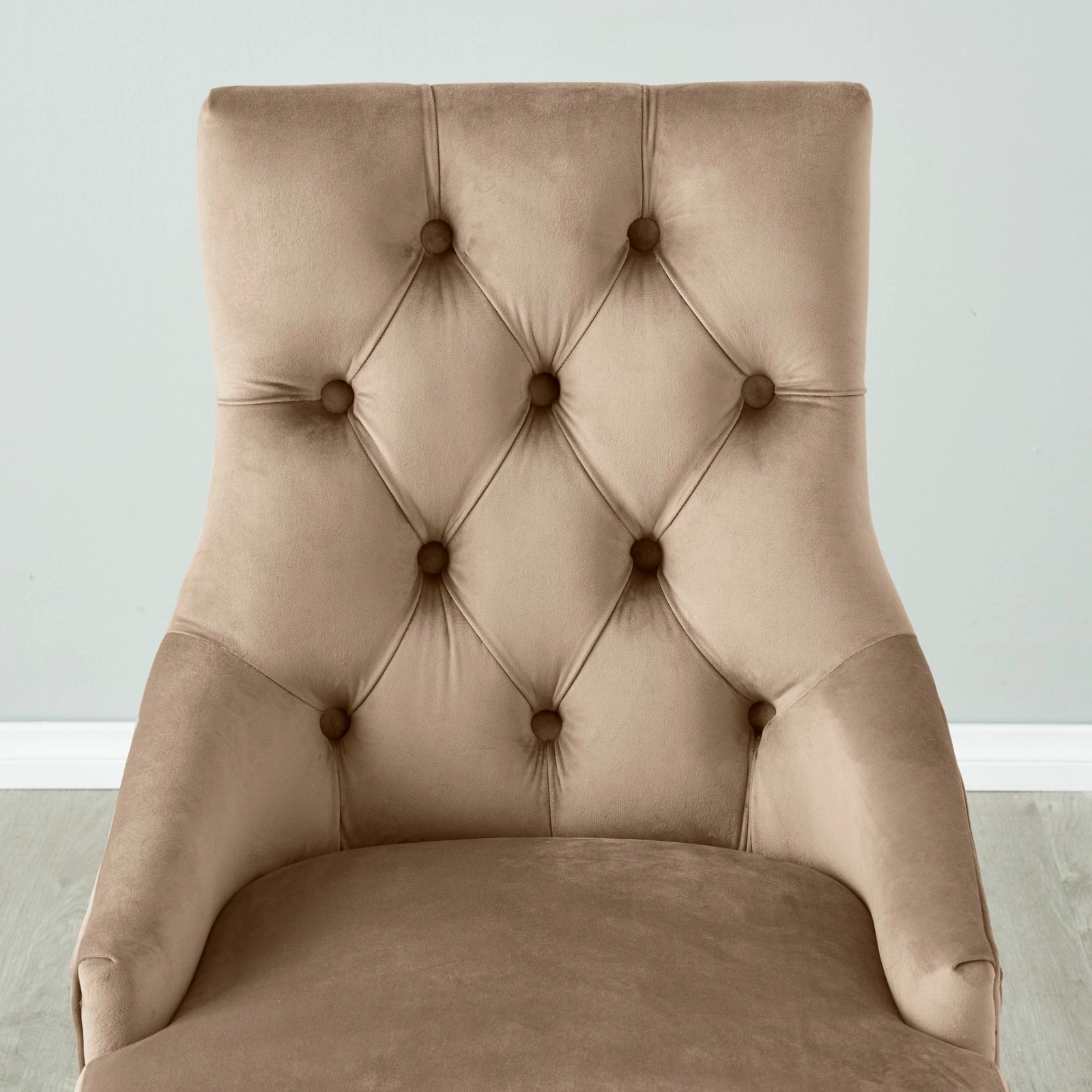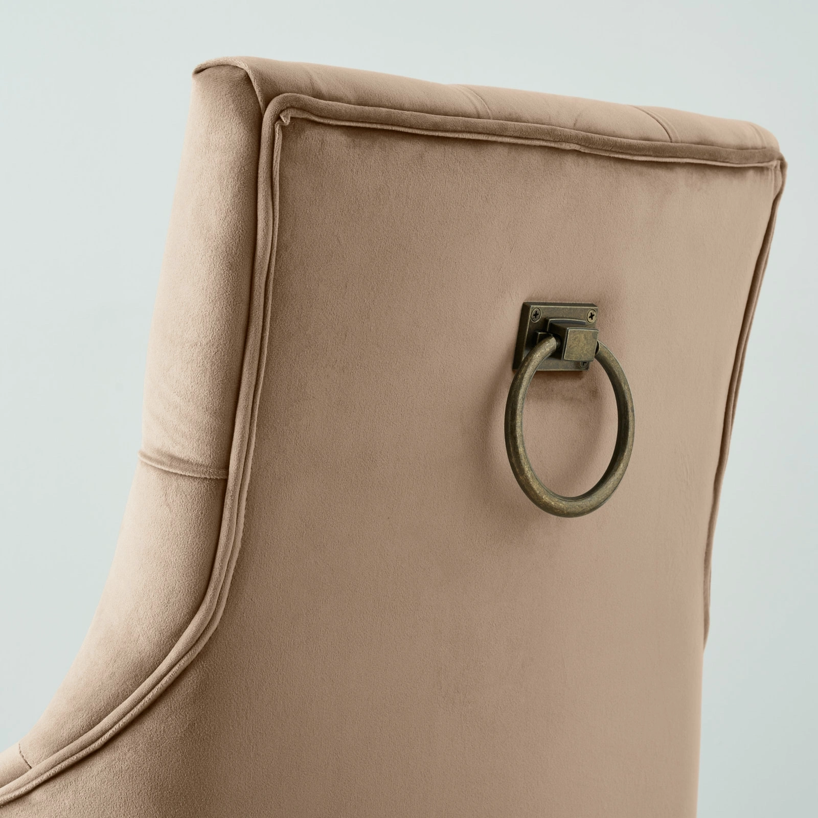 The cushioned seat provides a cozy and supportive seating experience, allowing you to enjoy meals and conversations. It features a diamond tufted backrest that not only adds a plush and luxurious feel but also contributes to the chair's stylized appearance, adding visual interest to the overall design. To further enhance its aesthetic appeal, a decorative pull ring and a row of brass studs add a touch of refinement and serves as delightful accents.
--
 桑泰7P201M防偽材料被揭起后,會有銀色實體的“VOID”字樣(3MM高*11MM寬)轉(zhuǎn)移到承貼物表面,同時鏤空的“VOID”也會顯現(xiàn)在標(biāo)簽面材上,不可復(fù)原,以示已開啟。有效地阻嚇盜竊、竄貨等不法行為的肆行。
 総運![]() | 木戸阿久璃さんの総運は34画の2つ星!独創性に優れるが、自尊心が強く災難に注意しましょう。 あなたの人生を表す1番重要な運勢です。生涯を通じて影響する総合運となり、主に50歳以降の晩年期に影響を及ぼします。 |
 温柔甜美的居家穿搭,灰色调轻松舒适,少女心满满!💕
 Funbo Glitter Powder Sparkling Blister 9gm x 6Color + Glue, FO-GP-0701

◆ WHAT IS BEING ASKED
What is asked for is an exact copy of the lines above from the one containing "桑泰7P201M防偽材料被揭" through the one containing "Funbo Glitter Powder", and only those.

◆ RESULT OF THIS TASK
 桑泰7P201M防偽材料被揭起后,會有銀色實體的“VOID”字樣(3MM高*11MM寬)轉(zhuǎn)移到承貼物表面,同時鏤空的“VOID”也會顯現(xiàn)在標(biāo)簽面材上,不可復(fù)原,以示已開啟。有效地阻嚇盜竊、竄貨等不法行為的肆行。
 総運![]() | 木戸阿久璃さんの総運は34画の2つ星!独創性に優れるが、自尊心が強く災難に注意しましょう。 あなたの人生を表す1番重要な運勢です。生涯を通じて影響する総合運となり、主に50歳以降の晩年期に影響を及ぼします。 |
 温柔甜美的居家穿搭,灰色调轻松舒适,少女心满满!💕
 Funbo Glitter Powder Sparkling Blister 9gm x 6Color + Glue, FO-GP-0701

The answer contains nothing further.